- **WHAT YOU ARE ASKED TO DO**: Where the lines below hold images, skip those and copy every word exactly.

- **EXERCISE DATA**:
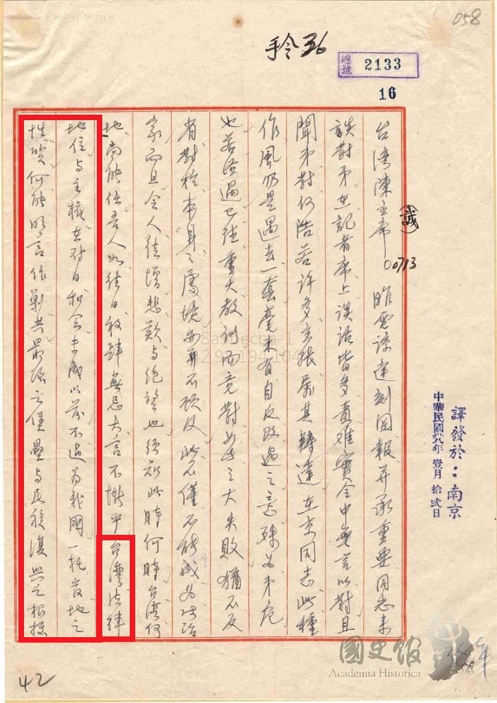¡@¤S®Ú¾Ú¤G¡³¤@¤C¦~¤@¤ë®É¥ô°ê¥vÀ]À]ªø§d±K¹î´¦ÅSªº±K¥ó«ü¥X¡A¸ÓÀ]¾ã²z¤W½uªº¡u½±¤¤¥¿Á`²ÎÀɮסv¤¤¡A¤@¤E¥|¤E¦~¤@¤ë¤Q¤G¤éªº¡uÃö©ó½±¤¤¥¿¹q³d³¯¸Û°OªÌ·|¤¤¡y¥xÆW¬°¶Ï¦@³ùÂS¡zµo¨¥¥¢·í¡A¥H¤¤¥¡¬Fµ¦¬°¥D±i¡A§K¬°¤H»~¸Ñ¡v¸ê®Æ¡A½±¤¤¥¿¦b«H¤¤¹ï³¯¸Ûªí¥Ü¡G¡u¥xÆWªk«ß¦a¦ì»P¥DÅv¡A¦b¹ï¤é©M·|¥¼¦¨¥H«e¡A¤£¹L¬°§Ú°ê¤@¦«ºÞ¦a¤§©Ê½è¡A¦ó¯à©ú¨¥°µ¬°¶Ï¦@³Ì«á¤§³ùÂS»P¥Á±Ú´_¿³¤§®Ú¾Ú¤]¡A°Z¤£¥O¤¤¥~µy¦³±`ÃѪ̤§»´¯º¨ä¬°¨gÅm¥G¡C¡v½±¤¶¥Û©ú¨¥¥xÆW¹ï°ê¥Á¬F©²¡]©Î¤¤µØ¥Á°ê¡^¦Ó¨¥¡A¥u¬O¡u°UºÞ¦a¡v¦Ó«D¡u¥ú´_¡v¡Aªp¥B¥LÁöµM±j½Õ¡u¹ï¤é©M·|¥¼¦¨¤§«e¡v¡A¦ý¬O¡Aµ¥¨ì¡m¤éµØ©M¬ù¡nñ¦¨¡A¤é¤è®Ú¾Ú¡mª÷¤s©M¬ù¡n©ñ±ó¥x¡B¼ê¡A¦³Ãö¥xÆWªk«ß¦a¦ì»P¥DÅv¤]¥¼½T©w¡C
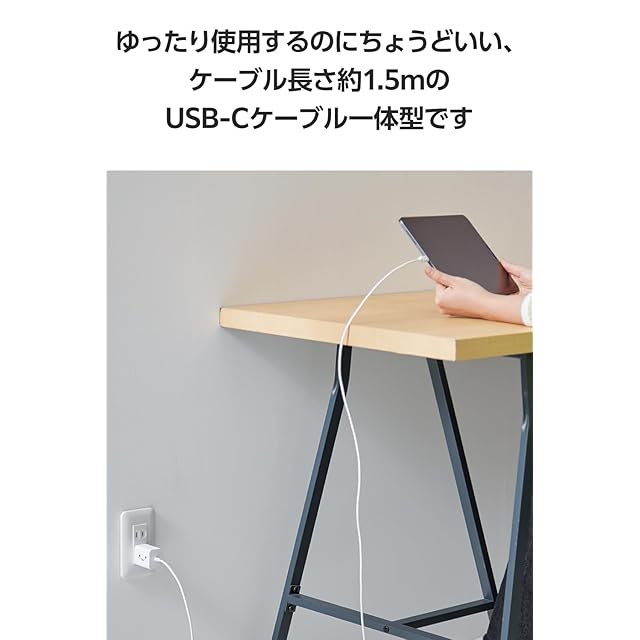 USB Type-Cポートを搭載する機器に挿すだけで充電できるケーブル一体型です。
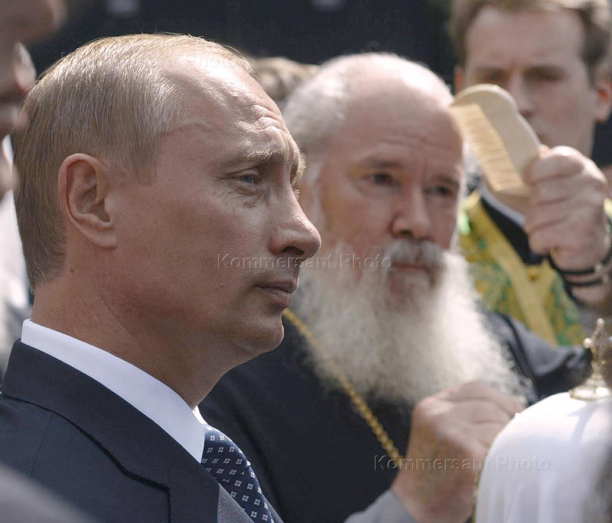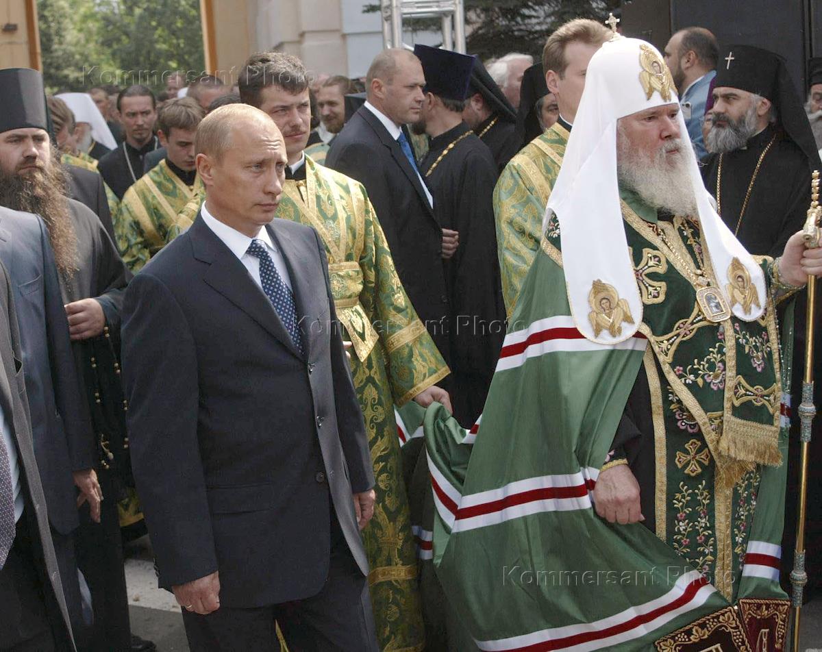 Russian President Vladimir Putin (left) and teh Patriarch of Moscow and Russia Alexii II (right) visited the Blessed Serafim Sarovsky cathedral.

- **TASK OUTPUT**:
¡@¤S®Ú¾Ú¤G¡³¤@¤C¦~¤@¤ë®É¥ô°ê¥vÀ]À]ªø§d±K¹î´¦ÅSªº±K¥ó«ü¥X¡A¸ÓÀ]¾ã²z¤W½uªº¡u½±¤¤¥¿Á`²ÎÀɮסv¤¤¡A¤@¤E¥|¤E¦~¤@¤ë¤Q¤G¤éªº¡uÃö©ó½±¤¤¥¿¹q³d³¯¸Û°OªÌ·|¤¤¡y¥xÆW¬°¶Ï¦@³ùÂS¡zµo¨¥¥¢·í¡A¥H¤¤¥¡¬Fµ¦¬°¥D±i¡A§K¬°¤H»~¸Ñ¡v¸ê®Æ¡A½±¤¤¥¿¦b«H¤¤¹ï³¯¸Ûªí¥Ü¡G¡u¥xÆWªk«ß¦a¦ì»P¥DÅv¡A¦b¹ï¤é©M·|¥¼¦¨¥H«e¡A¤£¹L¬°§Ú°ê¤@¦«ºÞ¦a¤§©Ê½è¡A¦ó¯à©ú¨¥°µ¬°¶Ï¦@³Ì«á¤§³ùÂS»P¥Á±Ú´_¿³¤§®Ú¾Ú¤]¡A°Z¤£¥O¤¤¥~µy¦³±`ÃѪ̤§»´¯º¨ä¬°¨gÅm¥G¡C¡v½±¤¶¥Û©ú¨¥¥xÆW¹ï°ê¥Á¬F©²¡]©Î¤¤µØ¥Á°ê¡^¦Ó¨¥¡A¥u¬O¡u°UºÞ¦a¡v¦Ó«D¡u¥ú´_¡v¡Aªp¥B¥LÁöµM±j½Õ¡u¹ï¤é©M·|¥¼¦¨¤§«e¡v¡A¦ý¬O¡Aµ¥¨ì¡m¤éµØ©M¬ù¡nñ¦¨¡A¤é¤è®Ú¾Ú¡mª÷¤s©M¬ù¡n©ñ±ó¥x¡B¼ê¡A¦³Ãö¥xÆWªk«ß¦a¦ì»P¥DÅv¤]¥¼½T©w¡C
 USB Type-Cポートを搭載する機器に挿すだけで充電できるケーブル一体型です。
 Russian President Vladimir Putin (left) and teh Patriarch of Moscow and Russia Alexii II (right) visited the Blessed Serafim Sarovsky cathedral.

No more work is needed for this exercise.